Even when using stored procedures or sp_executesql, plan reuse isn’t guaranteed. Situations where plans aren’t reused include:

Modifications to indexes used by the query (changes or deletions)
Changes to the statistics, structure, or schema of tables accessed by the query
Explicit use of the “recompile” option
A high volume of data modifications (insertions, updates, or deletions)
Mixing DDL (Data Definition Language) and DML (Data Manipulation Language) statements within a single query

#5 Eliminating Redundant Indexes

Once queries are optimized, review index usage. Index maintenance demands significant CPU and I/O resources. Every data insertion triggers index updates, so removing unused indexes is beneficial.

SQL Server provides the dm_db_index_usage_stats DMV for analyzing index statistics. This T-SQL code snippet retrieves index usage statistics:

 1
 2
 3
 4
 5
 6
 7
 8
 9
10
11
12
SELECT 
OBJECT_NAME(IUS.[OBJECT_ID]) AS [OBJECT NAME],
DB_NAME(IUS.database_id) AS [DATABASE NAME],
I.[NAME] AS [INDEX NAME],
USER_SEEKS,
USER_SCANS,
USER_LOOKUPS,
USER_UPDATES
FROM SYS.DM_DB_INDEX_USAGE_STATS AS IUS
INNER JOIN SYS.INDEXES AS I
ON I.[OBJECT_ID] = IUS.[OBJECT_ID]
AND I.INDEX_ID = IUS.INDEX_ID

Identify indexes with minimal or no usage and consider removing them to enhance performance.

#6 SQL Server Installation and Database Configuration

During database setup, store data and log files separately. This is because data file access is non-sequential, while log file access is sequential. Storing them on the same drive hinders optimization.
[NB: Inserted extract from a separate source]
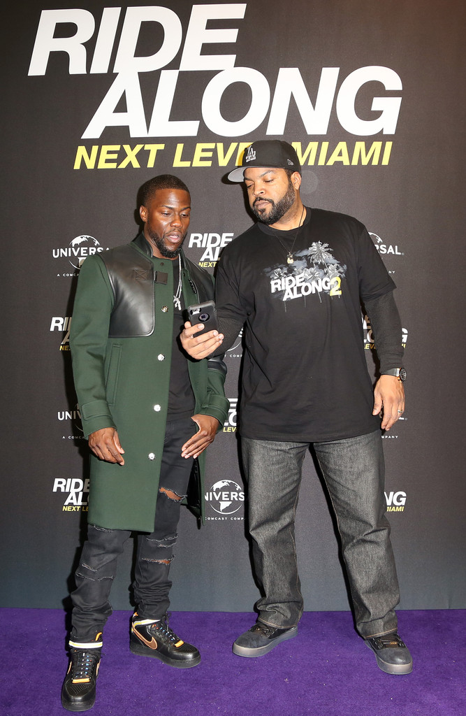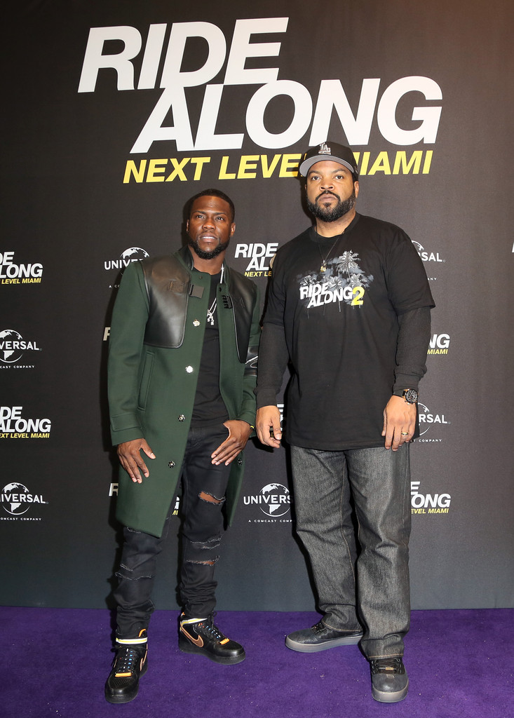 Yep! Kevin Hart attended the Ride Along Germany Premier in a Fall 2015 coat by Belgian designer Tim Coppens. The virgin wool-cashmere melton coat is detailed with smooth leather.

Consult your hardware and networking teams regarding Storage Area Network (SAN) setup. Vendor recommendations are helpful but often insufficient. Collaborate to determine the optimal separate storage strategy for data and log files.

#7 Avoid SQL Server Overload

Ensuring a smooth-running production server that effectively serves customers is paramount. Maintaining separate databases (ideally on separate machines) for different environments is crucial:

Production
Development
Testing
Analytical

A production database requires full recovery mode recovery mode, while a simple recovery mode suffices for other environments.
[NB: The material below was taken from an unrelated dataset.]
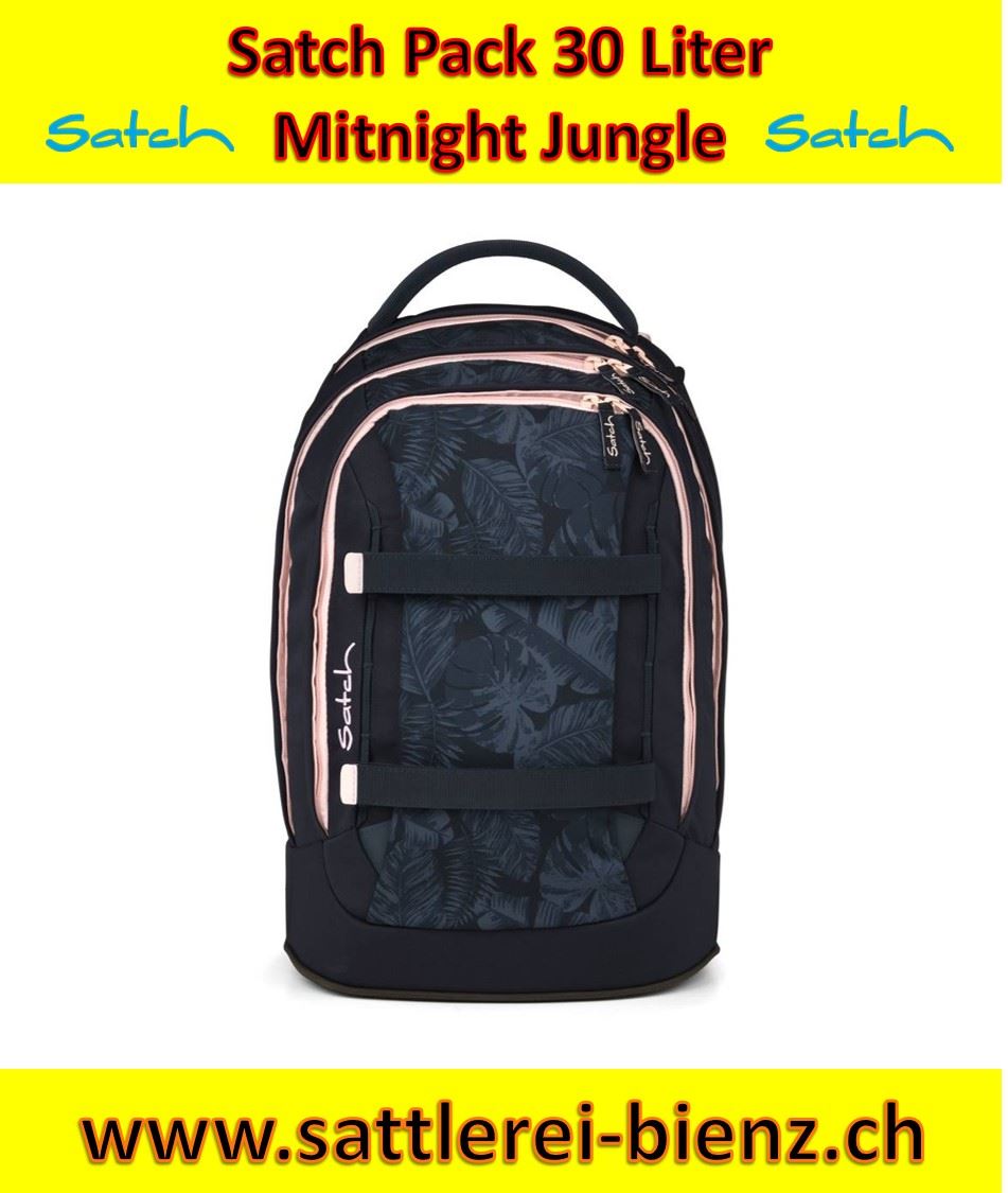 satch Pack Mitnigth Jungle Schulrucksack 30 Liter Maße ca.: 30x22x45cm, Hochwertige Lederapplikationen Volumen ca. 30l, Gewicht ca. 1,2 kg Material: recycled PET Herstellergarantie: 2 Jahr. UVP 169.00Fr.

Testing on a production database strains the transaction log, indexes, CPU, and I/O. Separate databases for each environment mitigate this. Separate machines further reduce CPU and I/O load.

#8 Transaction Log, tempdb, and Memory

Allocate sufficient free space for the log file to prevent autogrow operations, which can be time-consuming and block other operations. Use DBCC SQLPERF(logspace) to monitor log file size and usage for each database.

For optimal tempdb performance, allocate it to a separate disk. Maximize its initial size to minimize autogrow occurrences, which can hinder performance.

As mentioned earlier, dedicate a separate machine to SQL Server, ideally without other applications. Allocate sufficient memory to the operating system, with additional allocation for cluster environments (around 2GB is often sufficient).

For mission critical environments, a millisecond delay in getting information can be a deal breaker.

SQL Server Performance Tuning: A Wise Investment

This article provides a high-level overview of basic SQL Server performance tuning. Following these steps typically yields a 40 to 50 percent performance improvement. Advanced tuning requires a more in-depth exploration of each concept discussed.